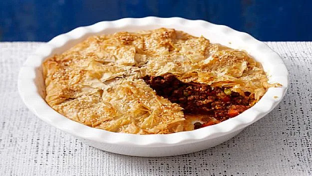 4.Spoon mince into dish, then fold the edges of filo over mince to enclose. Brush with butter and sprinkle with sesame seeds.
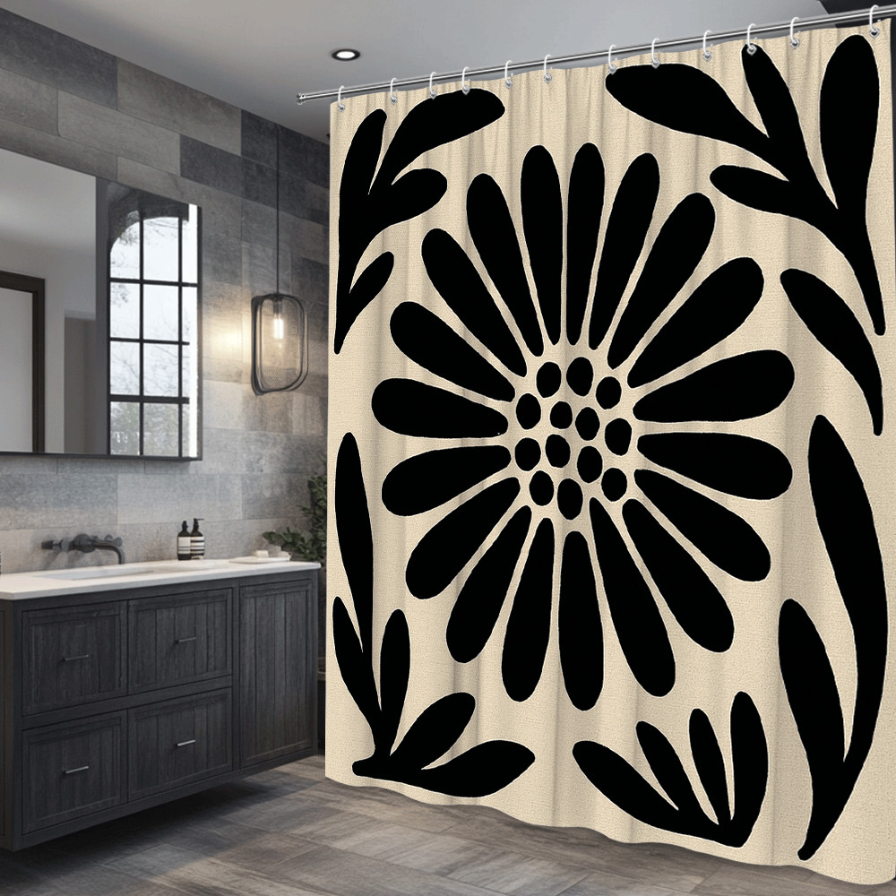 Black Floral Shower Curtain - Modern Design for Bathroom Decor
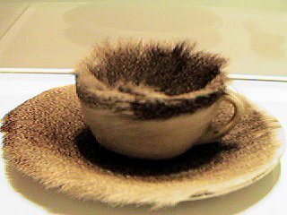 This piece reminded me of Meret Oppenheim's Surrealist fur-covered teacup (1936). |
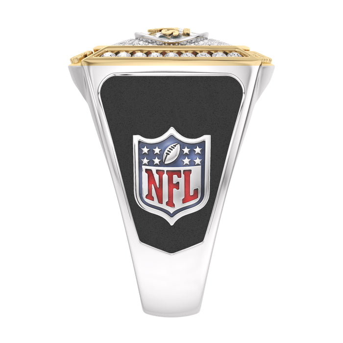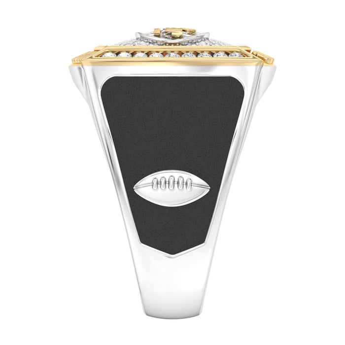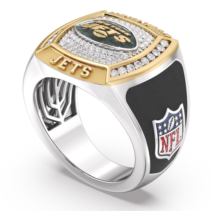 Personalize with your Custom Name and Number on this 1/2 CTTW New York Jets Championship Ring in 10K Yellow Gold and Sterling Silver
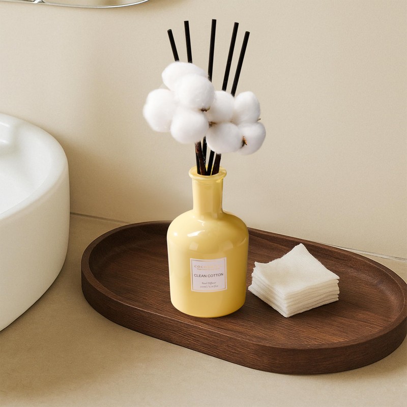 COCORRÍNA Reed Diffuser – Clean Cotton Scent, 6.76 oz Essential Oil, Long-Lasting Fragrance, Decorative Glass Bottle with Real Cotton, Bedroom or Bathroom Décor
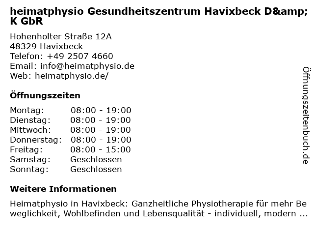 Branchen & Suchbegriffe zu heimatphysio Gesundheitszentrum Havixbeck D&K GbR:alltagstaugliche therapie, beweglichkeit, bewegungsförderung, d&k, ganzheitliche therapie, gbr, gesundheitszentrum, hausbesuche, havixbeck, heimatphysio, kiefergelenksbehandlung, krankengymnastik, manuelle therapie, medizinisches gerätetraining, neurologische physiotherapie, physiotherapie, prävention, rehabilitation, schmerztherapie, therapie in havixbeck, therapieangebot |
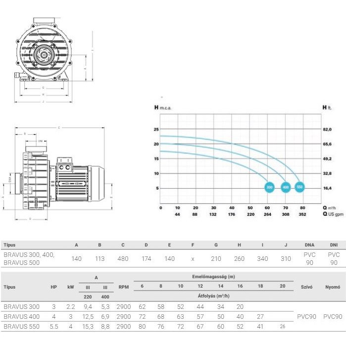 A Bravus szivattyú egy kompakt méretű, kiváló hidraulikus hatásfokú szivattyú élményelemekhez, masszázs rendszerekhez, ellenáramoltatók szereléséhez. A szivattyú ház üvegszál erősítésű polipropilénből készült, ami rendkívül tartóssá teszi azt. Járókerék és diffúzor alapanyaga NORYL. Édes- és sós vizű medencékhez használható (max. 5 kg só 1 m 3 vízben)

+---+

Look above for the line with "This piece reminded" and the line with "Branchen & Suchbegriffe". Copy them and every line between, exactly, but no pictures.

OUTPUT BELOW:
 This piece reminded me of Meret Oppenheim's Surrealist fur-covered teacup (1936). |
 Personalize with your Custom Name and Number on this 1/2 CTTW New York Jets Championship Ring in 10K Yellow Gold and Sterling Silver
 COCORRÍNA Reed Diffuser – Clean Cotton Scent, 6.76 oz Essential Oil, Long-Lasting Fragrance, Decorative Glass Bottle with Real Cotton, Bedroom or Bathroom Décor
 Branchen & Suchbegriffe zu heimatphysio Gesundheitszentrum Havixbeck D&K GbR:alltagstaugliche therapie, beweglichkeit, bewegungsförderung, d&k, ganzheitliche therapie, gbr, gesundheitszentrum, hausbesuche, havixbeck, heimatphysio, kiefergelenksbehandlung, krankengymnastik, manuelle therapie, medizinisches gerätetraining, neurologische physiotherapie, physiotherapie, prävention, rehabilitation, schmerztherapie, therapie in havixbeck, therapieangebot |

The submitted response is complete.